When is a ‘dump’ not a ‘dump’? 1: When it is a ‘mine’

  • by JW

The idea of ‘mining’ former town dumps is gaining ground…

.

In this week’s Herald, Mike Dibble suggests what we can do with our town dumps:

I was delighted to read Councillor Denise Bickley write that the waste in our grey bins (the ones that say landfill waste), is not actually going to landfill any more. Apparently all non recycling goes to the Energy from Waste Plant to generate electricity.

It will be interesting to know if the landfill waste that we have buried over the years is ever going to be dug up and recycled in the future or would that be economically unviable? Items such as tin cans, bottles and jars would have gone to landfill in the old days but the economic realisation is that these items may forever stay underground. That is surely not good news.

‘Could landfill ever be dug up and recycled?’ | Sidmouth Herald

In the Futures Forum back in 2015, the idea of ‘recycling’ old town dumps was also mooted:

Sidmouth’s former town dump towards Bowd might be a future font of resources…

This is from the press release from a meeting of the Vision Group back in October 2009, as reported by a former District Council employee:

Ice House Lane:
Up from the railway bridge, used to be a land fill site (over 30 years ago). When the land fill was closed, a sewer was laid from Green Lane to near Bradfords yard.
Futures Forum: Persimmon, Sidmouth and “promoting well-designed housing that is sustainable and provides much-needed new housing…”

The idea of ‘mining’ former dumps is gaining ground…

Futures Forum: Mining landfill sites

This is from 2018:

Many old dumps contain useful materials. Whether they’re worth extracting depends on how we value other benefits such as preventing pollution and reducing greenhouse gas emissions.

Why aren’t we mining landfills for valuable stuff like metals and soil?

With these pieces from last year:

The UK’s landfill legacy has previously been considered a stain on our green and pleasant lands. However, piles of rubbish that were once swept under the pasture are now presenting a real opportunity.
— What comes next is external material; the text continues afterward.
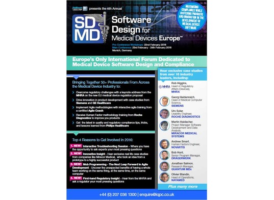 "Software Design for Medical Devices exclusive case studies, from over 16 industry leaders, including: MHRA, Siemens, Novartis, and Roche Diagnostics!"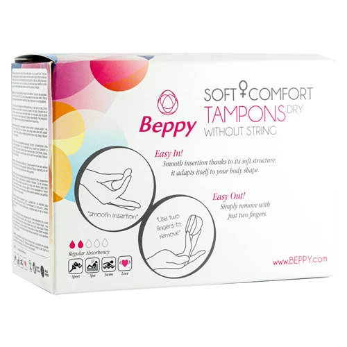 Beppy Soft Comfort Dry are comfortable and pleasant to wear tampons with no string to provide more freedom during swimming, a visit to the sauna, performing sports or a night out. Body-safe alternative tampon lasts up to 8 hours.

Will Simpson finds out why enhanced landfill mining is being dubbed ‘the next big thing’.

Untapped Riches | Resource Magazine

There are over half a million landfill sites in Europe, and 90% of these have not had to comply with safety regulations. The management of landfill sites has become a mounting concern in many European countries, with the responsibility for landfill sanitation and reclamation increasingly falling to public institutions.

The Benefits of Landfill Mining

And today there’s quite a market for it: there’s even a Wikipedia entry:

Landfill mining and reclamation (LFMR) is a process which excavates and processes solid wastes which have previously been landfilled.[1]